**TO DO:** From the line that holds "Young woman shows" down to the last line of the listing below, transcribe exactly and only those lines. Leave pictures out.

(PROVIDED DATA)

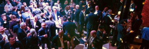 I snag myself a snack from a passing tray and ask Quashe׳, “What’s with all these booths scattered around the place—all them people waitin’ in line?”
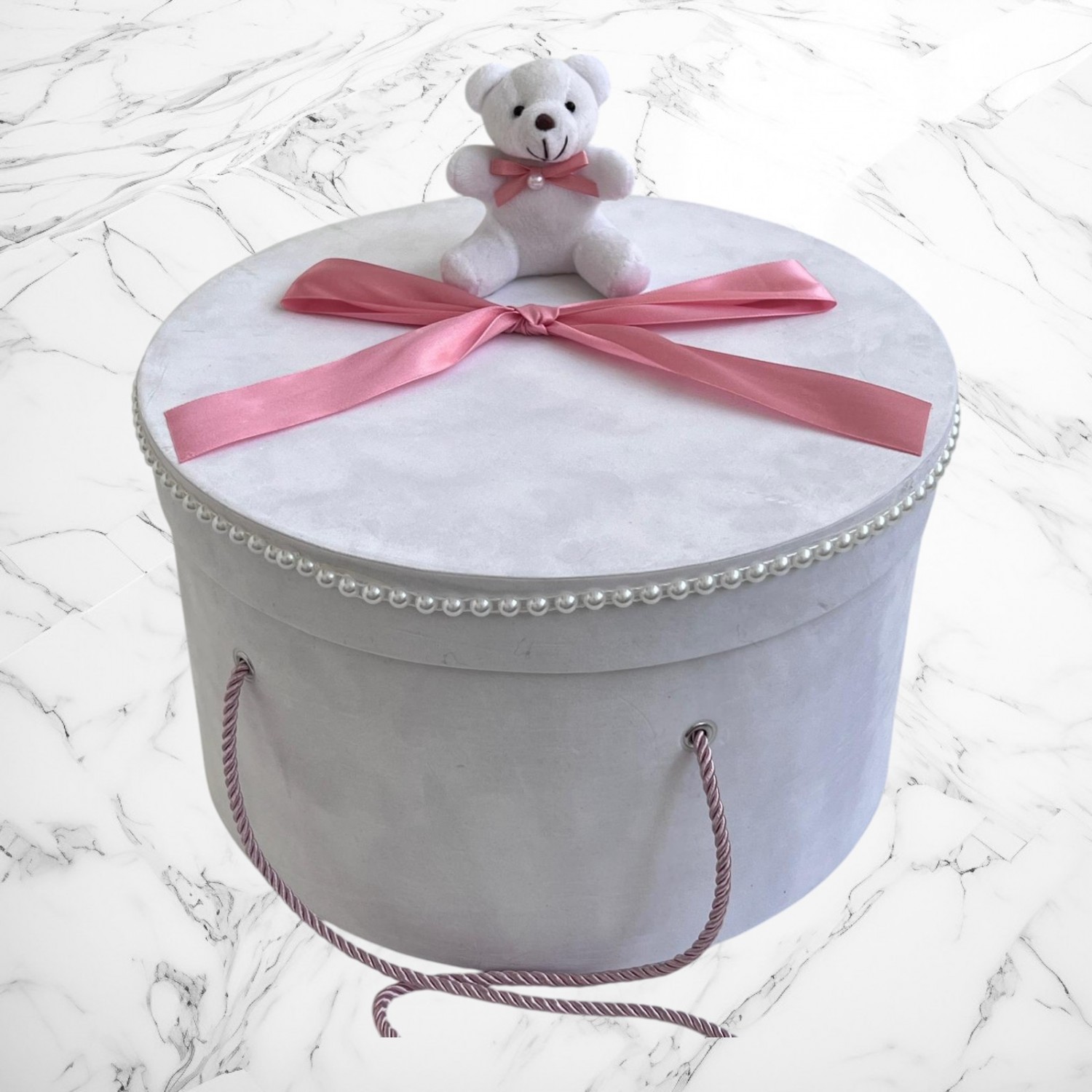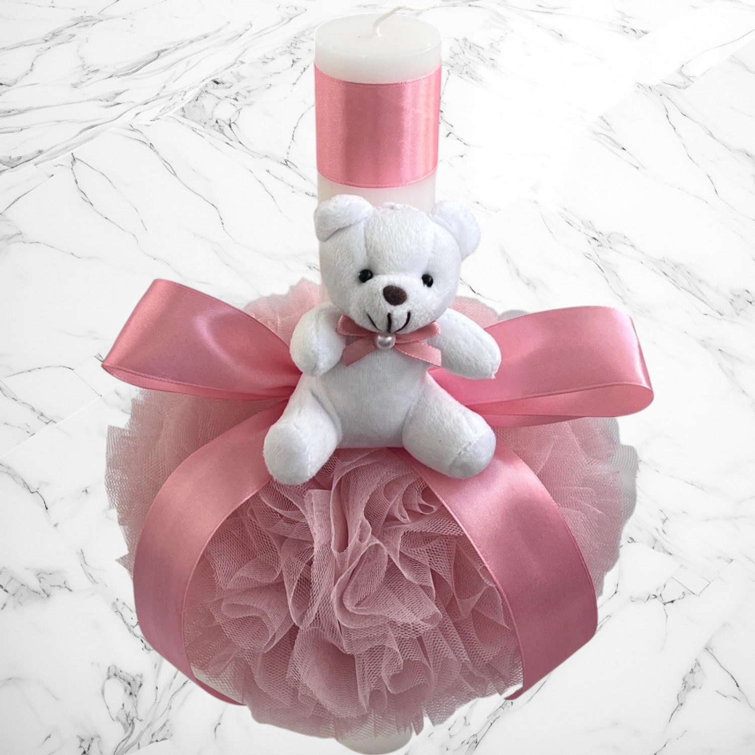 Comanda acum produsul "Set botez roz pudra cu ursuleț – Cutie pentru hăinuțe și lumânare".
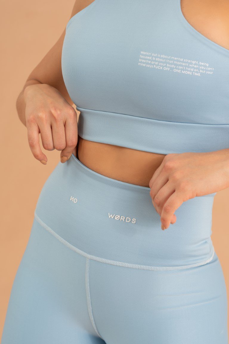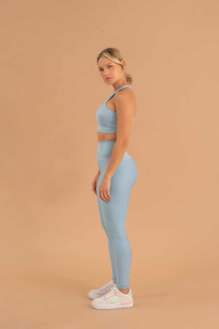 Leggings deportivos de mujer en color azul cielo, hechos de lycra elástica que se adapta a diferentes tipos de cuerpo, con una pretina de control abdominal y tecnología de compresión para mayor soporte en el abdomen. Fabricados con telas inteligentes de alta densidad y suaves para brindar comodidad durante el ejercicio y evitar transparencias incómodas al hacer sentadillas o flexiones. Perfectos para combinar con nuestro sujetador Cloud Light Blue o cualquiera de nuestros otros sujetadores.
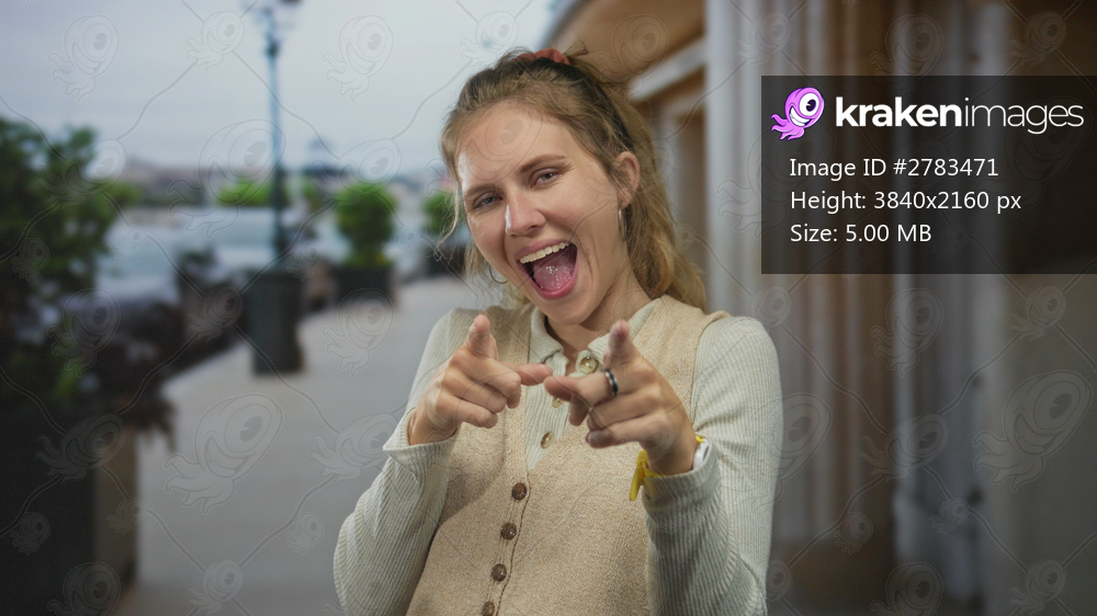 Young woman shows fingers while pointing on a street as blonde hair catches light with a bright smile and laughing face towards the camera near a building front in an urban scene. - Kraken Images
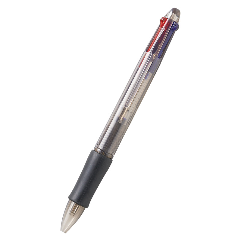 4芯で3色(黒×2、赤・青×各1)の多色ボールペン。
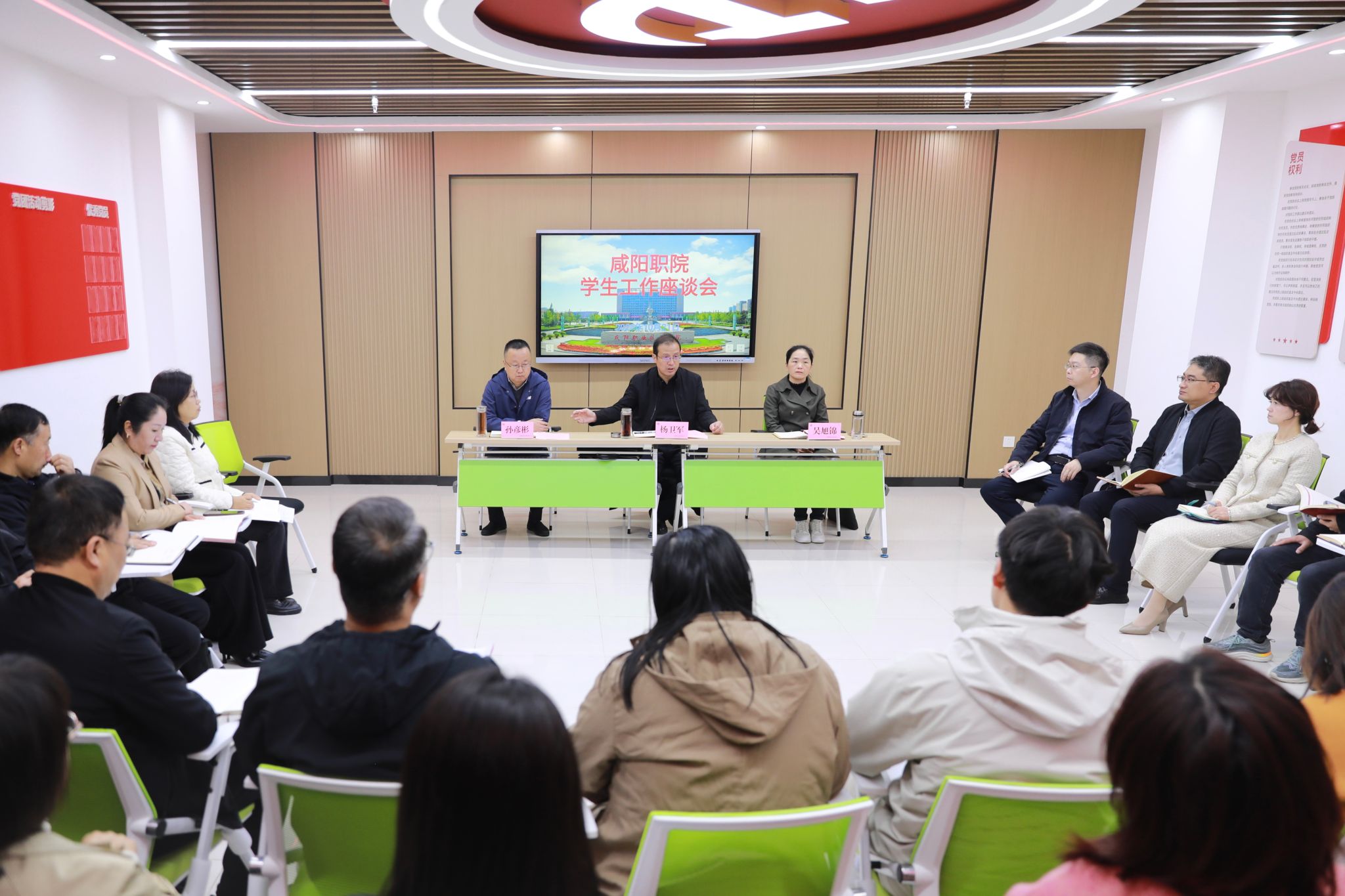 10月21日,为深入贯彻落实全省高校学生工作视频会议精神,系统谋划学生工作高质量发展路径,咸阳职院在“一站式”学生社区学生党团活动中心召开学生工作座谈会。学院院长杨卫军,党委副书记、工会主席孙彦彬,副院长吴旭锦参加会议,学生处、后勤处、团委等部门负责人,各二级学院学工干部及辅导员代表参会,围绕新时代学生工作的难点与突破点展开深入研讨。

(End PROVIDED DATA)

**EXERCISE OUTPUT:**
 Young woman shows fingers while pointing on a street as blonde hair catches light with a bright smile and laughing face towards the camera near a building front in an urban scene. - Kraken Images
 4芯で3色(黒×2、赤・青×各1)の多色ボールペン。
 10月21日,为深入贯彻落实全省高校学生工作视频会议精神,系统谋划学生工作高质量发展路径,咸阳职院在“一站式”学生社区学生党团活动中心召开学生工作座谈会。学院院长杨卫军,党委副书记、工会主席孙彦彬,副院长吴旭锦参加会议,学生处、后勤处、团委等部门负责人,各二级学院学工干部及辅导员代表参会,围绕新时代学生工作的难点与突破点展开深入研讨。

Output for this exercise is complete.